Archive for the 'Products' Category



Updated comparison of Crystal Reports viewers (2017)

Tuesday 26 September 2017 @ 5:08 pm

You use Crystal Reports to create, change and run reports. But what if you have users who just need to refresh/view/print/export? Do they need copies of Crystal Reports? Do you need to configure an expensive web server?

The most cost effective method for letting a user run reports is to install a third-party client-based viewer. They are offered by nine different vendors.  Don’t get sidetracked by the “viewer” that is put out by SAP because that tool won’t refresh reports.  Every viewer in my list allows you to refresh reports.

Every September I compare the features of these viewers and post the results. The comparison page provides a brief introduction to each product including what sets it apart. There is also a detailed feature matrix (PDF) that shows some of the specifics for comparison, like prices.

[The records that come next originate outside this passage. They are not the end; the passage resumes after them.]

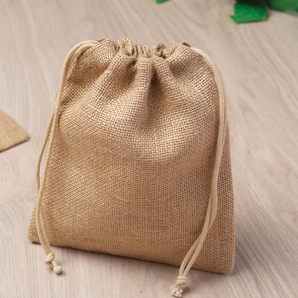 Mały ekologiczny worek z juty, zamykany na sznurki.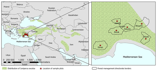 Juniperus is an economically and ecologically significant species in Türkiye, covering 1.6 million ha with a standing volume of 32.6 million m3 [1]. Juniper species are distributed commonly in the Taurus Mountains. Six juniper species naturally grow in Türkiye; among them, Crimean juniper (Juniperus excelsa Bieb.) is the most common and has great economic potential. The most significant distribution area of the species worldwide is Türkiye. Therefore, it offers several environmental benefits, including conserving biodiversity, water, and soil resources. Additionally, it serves as a source of essential oils used in Türkiye’s medical and cosmetics industries.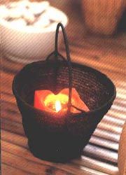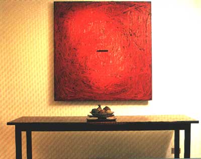 The Johnsons' small sala is a rustic black-and-white suite dressed in French doors, abaca woven curtains, and Yola's creative touch with textures and textiles. A wide collection of "primitive" ebony-black furniture from the Philippine Cordillera is fitted in white ramie upholstery and ivory silken throw pillows All around are baskets from the Cordillera or ceramic bowls of interesting seeds or pods; design magazines; and abstract modern artworks by Roberto Chabet. The dining room comprises a modern-minimalist two-piece table made old dark and rare supa wood; crowned by a fantasy candelabra that is lit by tea lights. A vibrant red abstract (above) by Roberto Chabet hangs over a dark table made of rare supa wood.

I have even included a glossary of features in case you aren’t familiar with the terminology.

There are 9 active products in this year’s review and 4 “ghost” products that are mentioned as warnings.  A ghost product has a web site but it hasn’t changed in years and no one responds to repeated requests for information.

The active vendors are:

Crystal Corral by Groff Automation
rptView by Pursuit Technology
cView by Chelsea Technologies
ViewerFX by Origin Software
CrystalKiwi Viewer by CrystalKiwi
Logicity Pro by SaberLogic
Report Runner Viewer by Jeff-Net
RTag Report Viewer by RTag
DataLink Viewer by Millet SW

If you have feedback to provide on any of these products, I would love to know what you think.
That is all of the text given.